Exercise details: If pictures appear, leave them out, and return exactly the lines from the one holding "名古屋帯 太鼓柄 美品" through the last line of the listing below.

Dataset extract:
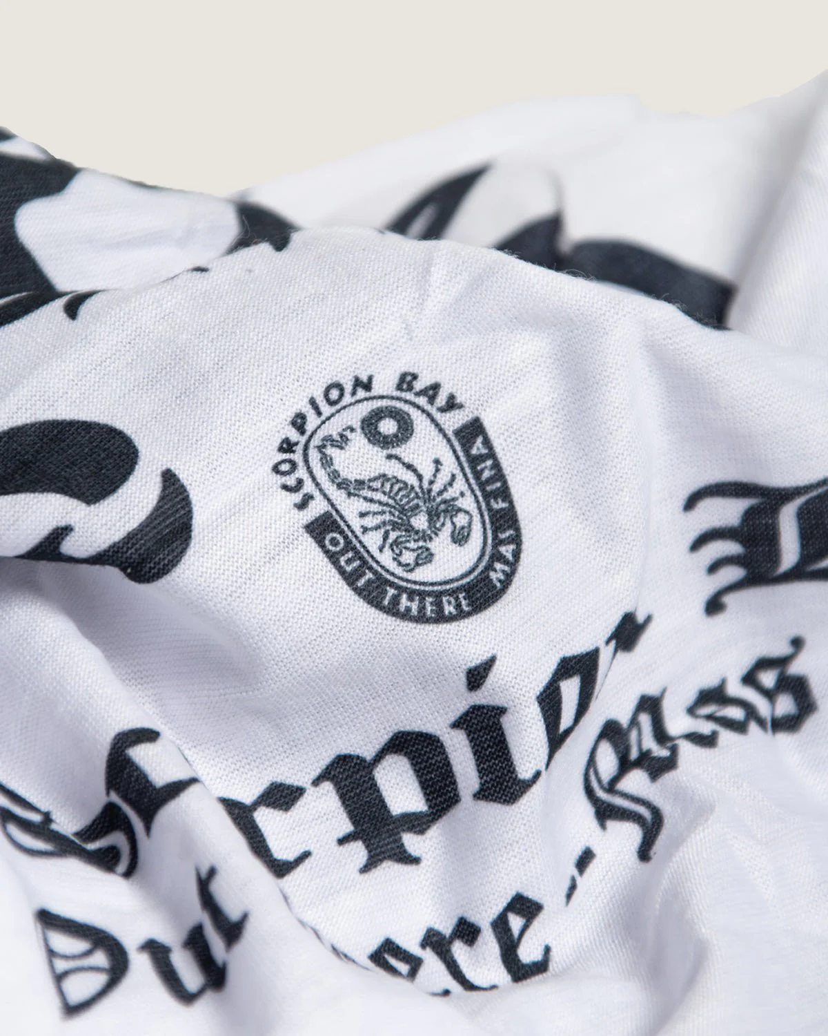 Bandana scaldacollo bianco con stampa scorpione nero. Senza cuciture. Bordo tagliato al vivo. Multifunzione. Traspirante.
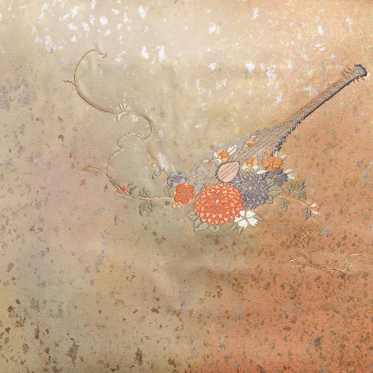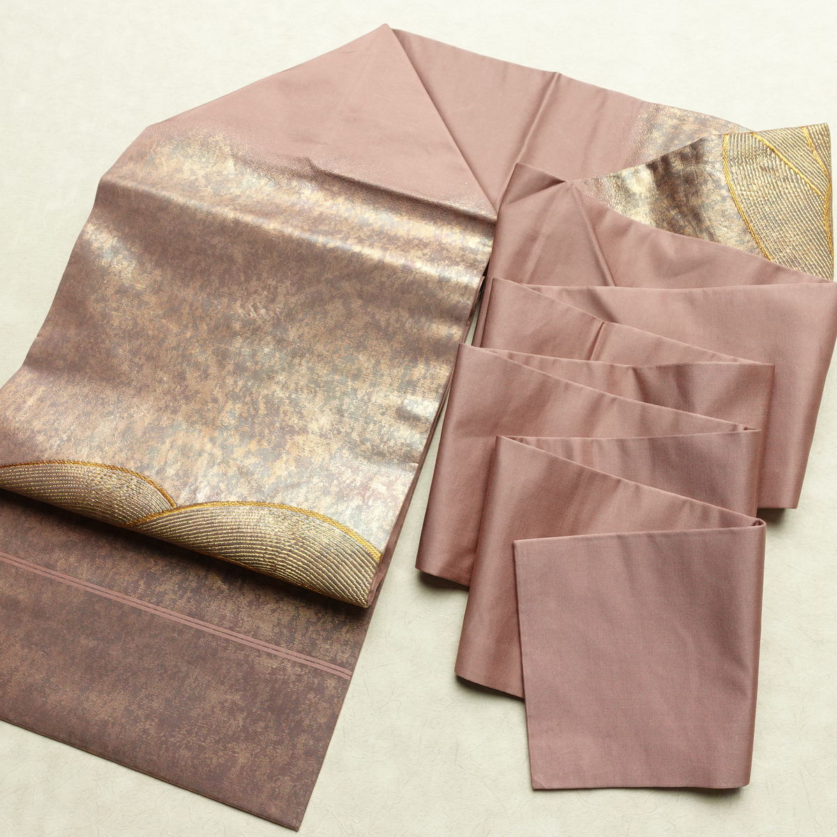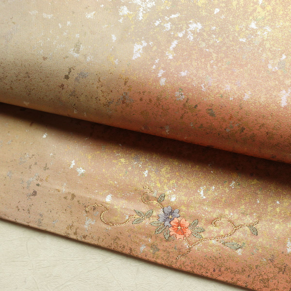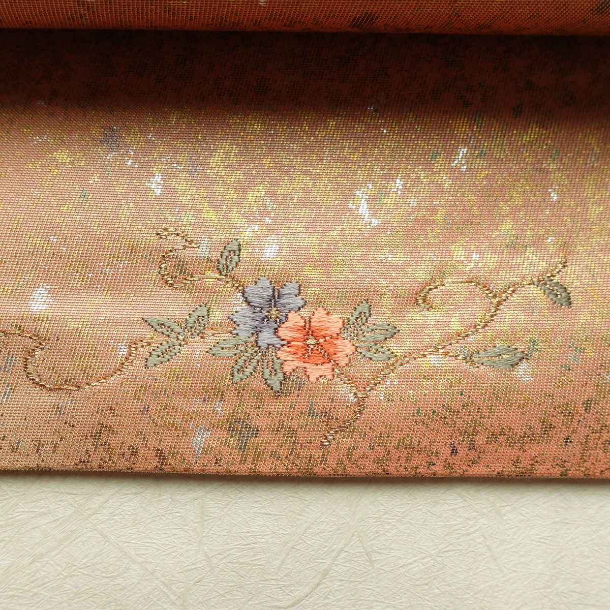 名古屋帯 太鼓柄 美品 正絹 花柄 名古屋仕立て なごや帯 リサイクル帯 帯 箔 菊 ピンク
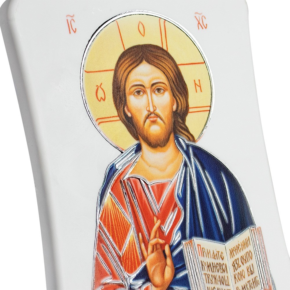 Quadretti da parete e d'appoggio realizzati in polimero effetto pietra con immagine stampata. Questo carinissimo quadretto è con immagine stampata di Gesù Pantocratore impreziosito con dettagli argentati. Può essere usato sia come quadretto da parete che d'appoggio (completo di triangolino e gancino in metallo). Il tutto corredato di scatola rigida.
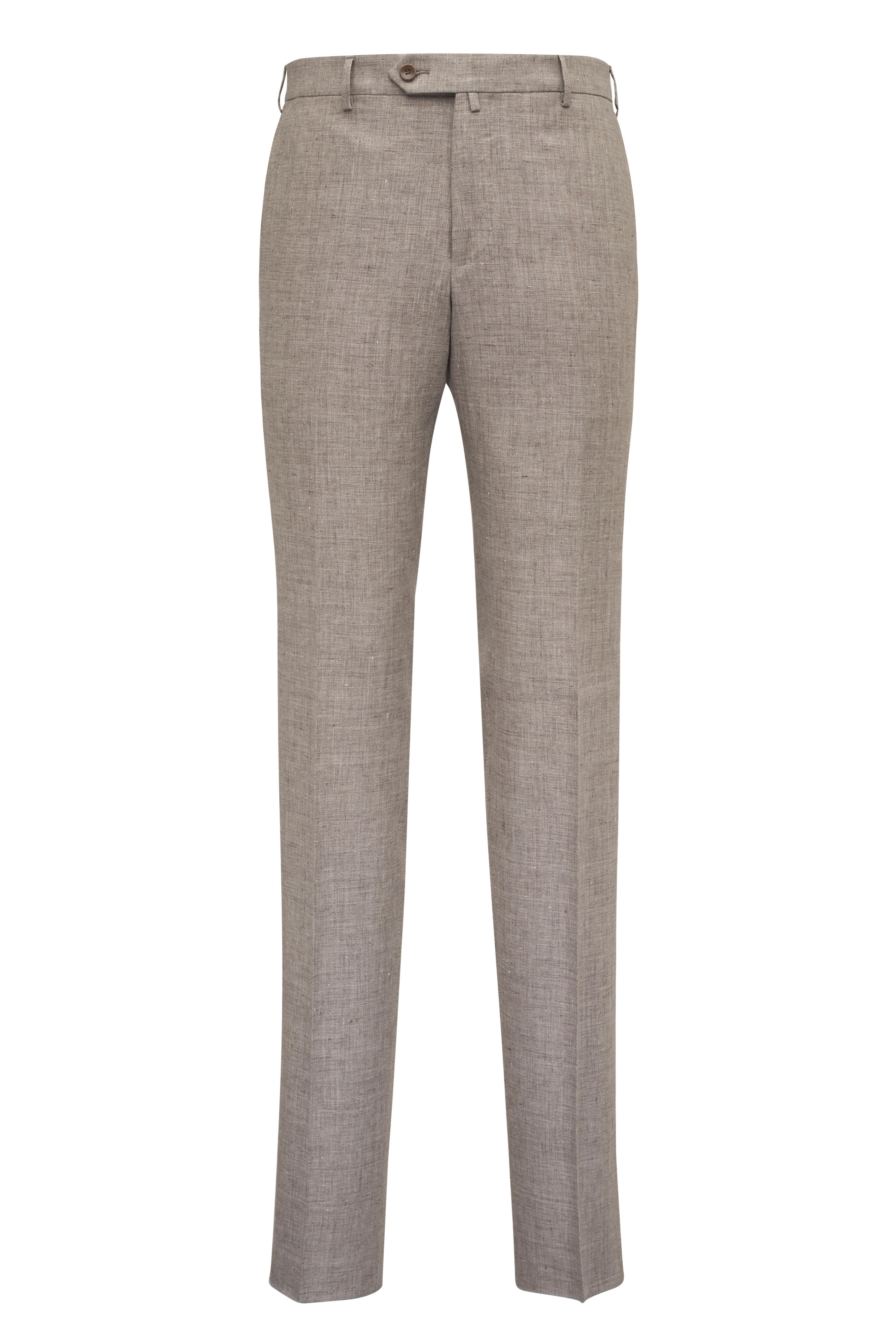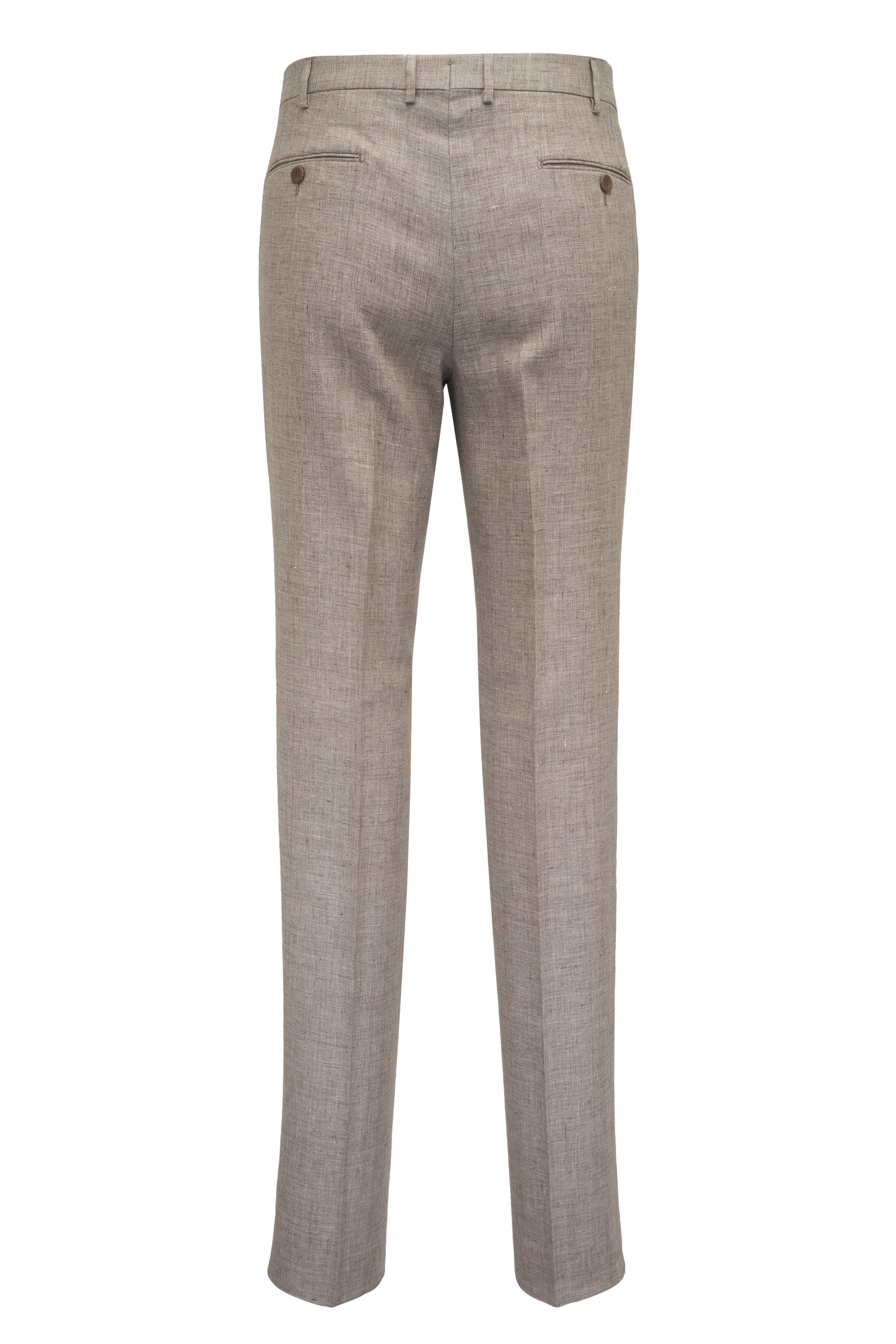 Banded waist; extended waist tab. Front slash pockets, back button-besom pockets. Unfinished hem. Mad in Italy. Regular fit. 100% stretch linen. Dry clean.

Output:
 名古屋帯 太鼓柄 美品 正絹 花柄 名古屋仕立て なごや帯 リサイクル帯 帯 箔 菊 ピンク
 Quadretti da parete e d'appoggio realizzati in polimero effetto pietra con immagine stampata. Questo carinissimo quadretto è con immagine stampata di Gesù Pantocratore impreziosito con dettagli argentati. Può essere usato sia come quadretto da parete che d'appoggio (completo di triangolino e gancino in metallo). Il tutto corredato di scatola rigida.
 Banded waist; extended waist tab. Front slash pockets, back button-besom pockets. Unfinished hem. Mad in Italy. Regular fit. 100% stretch linen. Dry clean.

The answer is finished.